Summary: In order to be successful in the ring, a sumo wrestler needs to maintain a heavy body weight and at the same time be in peak physical condition. Just as these Japanese athletes have to find the right balance through a well thought-out combination of diet and training regimen, software development organizations need a balanced approach to implementing application architecture on agile projects.

By Michael Ganchikov, Peter Vaihansky

 

Here is a riddle for you: What is very strong and solid so as to be hard to move, yet can move easily at the same time? The answer: a champion sumo wrestler. The other answer: well-thought-out application architecture.

Why are we talking about 400-plus-pound Japanese athletes in the context of agile software development? Let me explain. In order to be successful in the ring, a sumo wrestler needs to maintain a heavy body weight and at the same time be in peak physical condition. Just as these Japanese athletes have to find the right balance through a well thought-out combination of diet and training regimen, software development organizations need a balanced approach to application architecture on agile projects.

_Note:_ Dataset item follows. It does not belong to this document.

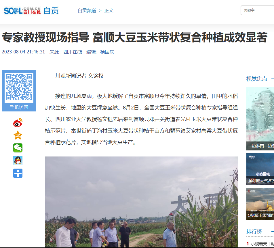 接连的几场夏雨,极大地缓解了自贡市富顺县今年持续许久的旱情,田里的水稻加快生长,地里的大豆绿意盎然。8月2日,全国大豆玉米带状复合种植专家指导组组长、永利yl23411集团官网教授杨文钰先后来到富顺县邓井关街道春光村玉米大豆带状复合种植示范片、富世街道丁海村玉米大豆带状种植千亩方和琵琶镇艾家村高粱大豆带状复合种植示范片,实地指导当地大豆生产。

System Design: The Winning Technique

Proponents of agile development oppose pursuing a thoroughly worked-out architecture in advance (the so-called “Big Design Up Front,” or BDUF) as a feature of the traditional “waterfall” approach, the paradigm that agile was essentially created to challenge and overturn. In waterfall, the design phase of a software system follows the development of functional specifications and precedes coding. The Agile Manifesto opposes this approach and implies that self-organized teams are responsible for creating the best system design through a series of incremental steps. As the system evolves iteratively, the architecture, in turn, matures gradually throughout the development cycle. Over time, the team members’ knowledge of the business and the technology grows, and they continually review and refactor the architecture. Because in most real-world situations the customers’ idea of what they want from the system will change over time in response to changing market conditions and their own evolved understanding, this process serves the goal of giving customers the software they really want rather than a simply being a masterpiece of elegant, up-front design with insufficient business value.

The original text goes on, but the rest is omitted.